One of the most recent dismissals and arrests was in Kars, which lies on Turkey’s eastern border with Armenia. Mayor Ayhan Bilgen, a journalist and veteran politician, was arrested as part of an investigation into a series of 2014 protests turned violent. Ankara’s chief public prosecutor ordered the arrests of 82 people, including the HDP’s current and former administrators and deputies, in September.
Erdogan “believes he is close to burying the dream of Kurdish autonomy,” the Economist said, “both inside and outside the country’s borders.”

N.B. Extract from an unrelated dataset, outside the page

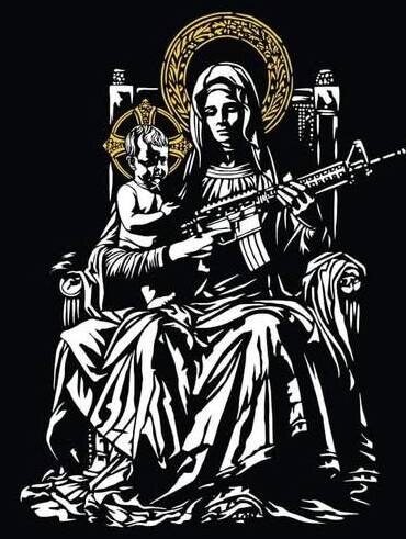 В соцсетях накануне Благовещенья распространяется изображение Богородицы работы известного ук-кого художника Андрея Ермоленко, на котором на руках Богородицы черного цвета, сидящей на троне, на коленях сидит младенец Христос и стре.ляет из авто.мата. Богородица помогает Младенцу держать авто.мат. По его мнению, младенец это ук-нец, а Богородица помогает ему держать ору.жие для противостояния со злом, каковым для него является РФ и всё что с ней связано. Когда, казалось бы, падать уже некуда, снизу снова постучали... В ук-ком творчестве популярно соединять религиозные темы с патриотами Родины, которые боролись с русскими. В церквях есть лики святых Ба.нд.еры, Шу.хе.вича и прочих гол.оворезов. Когда президентом был Поро.шенко, то ему подарили картину/икону, где его семья изображалась святыми. В одной из церквей это изображение нарисовали в его честь. А при Юще.нко в церкви рисовали святыми "элиту", которая "победила" на Ма.йда.не в 2004 году. Вот объясните мне пжл это как? Это почему?

The current crackdown is related to the protests that took place in October 2014, when people throughout the country took to the streets to demonstrate against an Islamic State (ISIS) siege of the small Syrian Kurdish town of Kobani and Turkey’s apparent indifference to the subsequent massacre therein.
Turkey’s judicial system remanded four former HDP deputies in custody this week, in a move that, according to the party’s jailed former co-chair Selahattin Demirtas, uses “the judiciary to neutralize the HDP and intimidate the opposition.”
Turkish authorities often charge HDP members of links to the outlawed Kurdistan Worker’s Party (PKK), an armed group that is designated a terrorist organization by Turkey, the United States and the European Union.
The opposition coalition against Erdogan’s ruling Justice and Development Party (AKP) hesitates to openly associate with the HDP over such accusations, which Erdogan uses to his advantage.
“They want to prevent the HDP from functioning and to upset the structure of the opposition coalition,” Robert Bosch Academy fellow Galip Dalay told the Economist. The HDP was instrumental in helping opposition candidates win back seats in Istanbul and Ankara in last year’s elections.
Erdogan “thinks he has the PKK and the HDP on the ropes, but the government has an intractable problem - the Kurds themselves,” the Economist said.